Mrs. Bundercombe looked at me in stony silence. Twice she opened her lips, and I am quite sure that if words had come they would have been unkind ones. Twice apparently, however, her command of language seemed inadequate.

"So you're going to marry an Englishman," she said, glaring at Eve.

"I am going to marry Mr. Walmsley, mother," Eve agreed sweetly. "He has been such a kind friend to us during the last few days—and I rather fancy I shall like living on this side."

"Dear me! Dear me! I hadn't heard of this!" Mr. Bundercombe remarked with interest. "You and I will go downstairs and have a little chat about it, Mr. Walmsley."

He made another strategic movement toward the door, which was promptly and effectually frustrated by his wife.

"No, you don't!" Mrs. Bundercombe prohibited. "I've a good deal more to say yet. I haven't been dragged over the ocean three thousand miles to have you all slip away directly I arrive. A nice state of things indeed! My husband, Joseph H. Bundercombe, a suspect at Scotland Yard, followed everywhere by detectives; and my daughter——"

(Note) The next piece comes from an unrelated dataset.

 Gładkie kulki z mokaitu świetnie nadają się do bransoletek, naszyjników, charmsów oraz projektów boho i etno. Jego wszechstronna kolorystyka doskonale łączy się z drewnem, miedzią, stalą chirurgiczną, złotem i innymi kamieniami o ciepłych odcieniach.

"Stepdaughter, please," Eve interrupted.

"Stepdaughter then!—talking about marrying a man she's probably known about twenty-four hours and met at a bar or in a thieves' kitchen, or something of the sort! If you must marry an Englishman," she continued with rising voice, "why don't you marry Lord Reginald Sidley there? His father is an earl, anyway."

"His uncle's one," Reggie put in gloomily, jerking his head toward me.
"Old Walmsley's all right."

Eve patted his hand.

"Good boy!" she said. "You know I never encouraged you—did I, Reggie?'"

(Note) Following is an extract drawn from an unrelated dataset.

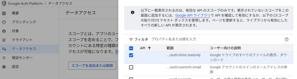 データアクセスタブで、以下のスコープを追加します。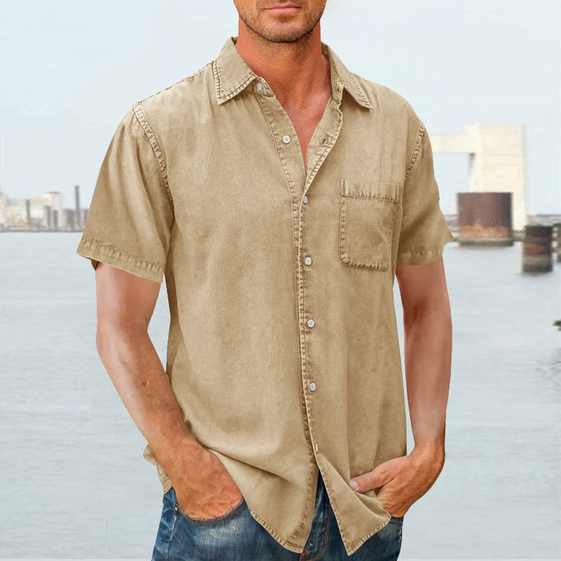 Men's Shirt Short Sleeve – Relaxed Fit – Breathable – Buttons – Chest Pocket

"Encouraged me!" he protested. "I think, on the whole, you said the rudest things to me I ever heard in my life—from a girl, anyway. I imagine," he added, taking up his hat, "that it's up to me to leave this little domestic gathering."

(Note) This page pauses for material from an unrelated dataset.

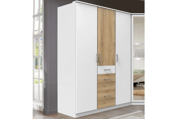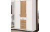Praktická 3-dverová šatníková skriňa obsahuje kombináciu veľkých i malých zásuviek. Vyrobená v kombinácii bielej farby a dekoru doskový dub

"I'll see you out," Mr. Bundercombe declared with alacrity.

Mrs. Bundercombe, with her eyes steadily fixed upon her husband, stepped back until she blocked the doorway.

"My dear Hannah!"

"Your dear nothing!" she interrupted ruthlessly.

"You just sit down by the side of your daughter there and let me tell you both what I think of you and what I'm going to do about it."

"I think," I suggested, "a little taxi drive——Your mother and father no doubt have a great deal to say to one another, and you can receive your little lecture later."

Eve assented at once; and Mrs. Bundercombe, for some reason or other, only entered a faint protest against our departure. It was about five o'clock in the afternoon and the streets were crowded with every description of vehicle. The sun was still warm; there was a faint pink light in the sky— a perfume of lilac in the air from the window-boxes and flower-barrows. I took Eve's fingers in mine and held them. I think she knew that something in the nature of an inquisition was coming, for she sat very demure, her eyes fixed on the road ahead.

"Eve," I asked, "how about Mrs. Samuelson's jewels?"

"They were returned to her from 'a repentant criminal,'" Eve murmured.

"And the forged banknotes made by the young man in the Adelphi?"

"They were all destroyed as fast as father could buy them," she explained.
"He has found the boy a post now with some printer in America."

"And the two thousand pounds at the gaming club—that first night?"

"Daddy made it three and sent it to a hospital. He thought it would do them more good."

"You know, you're a shocking pair!" I said severely.

"Paul," she sighed, "you never can know how dull it was at Okata."

"I'm jolly glad it was!" I told her. "It gives me a better chance—doesn't it?"

"And we'll give daddy a good time whenever we can?" she pleaded.

"Always," I promised. "He's one of the best!"

"He's so clever, too!"

"Clever, without a doubt," I admitted, "only I think perhaps we might get him to use his talents in a more orthodox way. By the by," I added, putting my head out of the window, "I think it's getting a little chilly."

I ordered the taxi closed and we returned to the hotel. The hall porter drew me on one side confidentially.

"Mr. Bundercombe and the other gentleman, sir," he announced, "are waiting for you in the bar."